Кошка беспокойно взмахивает хвостом и начинает протяжно мяукать…
ДУШЕНЬКА ЗАНИМАЕТСЯ
КОГДА ИОНЕЛ БЕРЕТСЯ ЗА УРОКИ, все вокруг ходят на цыпочках. Впрочем, «все вокруг» — это лишь бабушка, махонькая, худенькая и чуть-чуть сгорбленная. Мама на работе. Папа вот уже недели три как уехал в командировку.
Конечно, бабушке не так уж легко ходить на цыпочках: ей почти семьдесят лет. Но она знает, что шарканье тапочек мешает мальчику. А ведь душенька занимается! «Пусть себе занимается, родненький… Какой он старательный! Приходит из школы — и сразу же за уроки. Даже поесть как следует некогда и за столом читает, бедненький… И обувается, глядя в книгу… Как же ему попасть шнурками в дырки, бедняжке!..» Поэтому его обувает бабушка, а душенька в это время читает. Видел ли кто-нибудь еще такого усердного мальчика?! Он даже умывается с книгой в руках. И — представьте себе! — при всем этом в школе его просто преследуют. Как это классный руководитель может говорить, что он совсем не занимается? Вот и сейчас поглядите на него: сидит, задрав ноги на стенку, — он, малыш, всегда так занимается — и глотает страницу за страницей, книгу за книгой. Других детей нужно подталкивать: «Занимайся, пиши, рисуй, кончил?» А с Ионелом — ничего подобного. Сознательный внучек, старательный! Не удивительно, что он стал таким… раздражительным. Да и как тут не стать раздражительным, если приходится столько заниматься? А она, вот и сейчас, только что с таким громом свалила у печки охапку дров! Правда, для нее она уже тяжеловата, но ведь мальчик занимается. И еще один недостаток есть у бабушки: вот, она несет ведро с водой и при этом так громко шаркает тапочками! Как же мальчику не раздражаться? Он весь погружен в книгу…

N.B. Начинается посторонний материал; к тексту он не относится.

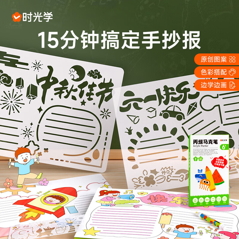 时光学15分钟搞定校园手抄报24张主题线稿配丙烯马克笔6色幼儿园小学生国庆节中秋节手抄报半成品神器
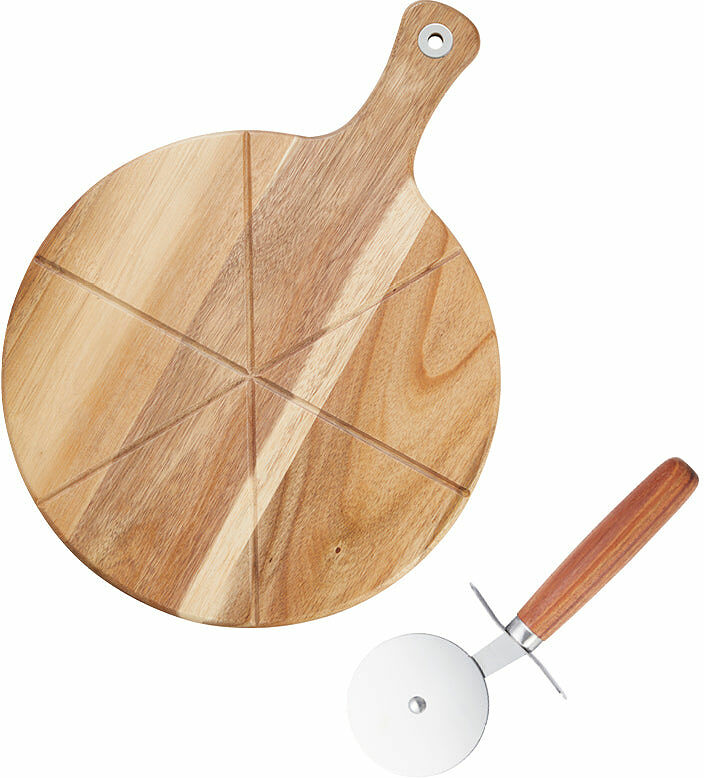 Sade pizzaset är till för alla som älskar att baka egen pizza hemma. Serveringsskivan i akaciaträ har fördjupningar som gör det enkelt att skära upp pizzan i perfekta trekanter med den tillhörande skäraren.

Но делать нечего. Ей все-таки придется побеспокоить его, послать за хлебом:
— Ионел… Ионел, душенька…
— Чего тебе?
Бедненький! Даже когда к нему обращаются, не оторвет глаз от книги!
— Сокровище мое, не сбегаешь за хлебом?
— Ох!.. Не дадут человеку почитать… бах! — дрова… дзинь! — ведро с водой… А теперь — еще и хлеб! Я хлеба не ем, иди сама, если тебе надо… А меня оставь в покое! Я занимаюсь… Не видишь?
И он сует бабушке под нос внушительную книгу в обертке из журнального листа, на котором крупными буквами написано «История».
Бабушка с почтением смотрит на толстую книгу и извиняется:
— Ну… не сердись, родненький, я сама схожу… занимайся, занимайся… душенька…
Когда бабушка возвращается, мальчик все так же неподвижно сидит с книгой. Только передвинул ноги с одной стены на другую.
— Вот умница, солнышко мое, как у него страницы мелькают! Уже кончил…
— Дай мне «зоологию»… Она в ранце… В голубой обертке, — приказывает Ионел.
Зоология немного потоньше. Какое счастье, что у них зоология! А вот если бы он потребовал румынский… Ох! Целых два килограмма! Или географию… Бедный мальчик!.. Вот, уже замелькали страницы. А учитель зоологии говорит, что он не занимается. Это он-то, который столько лет был отличником: с первого класса по четвертый… Правда, в последнее время он немного сдал… Но теперь? Теперь-то он будет первым в классе!.. И бабушка ходит по дому на цыпочках… И боится даже вздохнуть. Ионелу не нравится, как она вздыхает. Да, по правде говоря, ей и самой не нравится. Вздыхает она тяжело… Ну, что же поделаешь, старость!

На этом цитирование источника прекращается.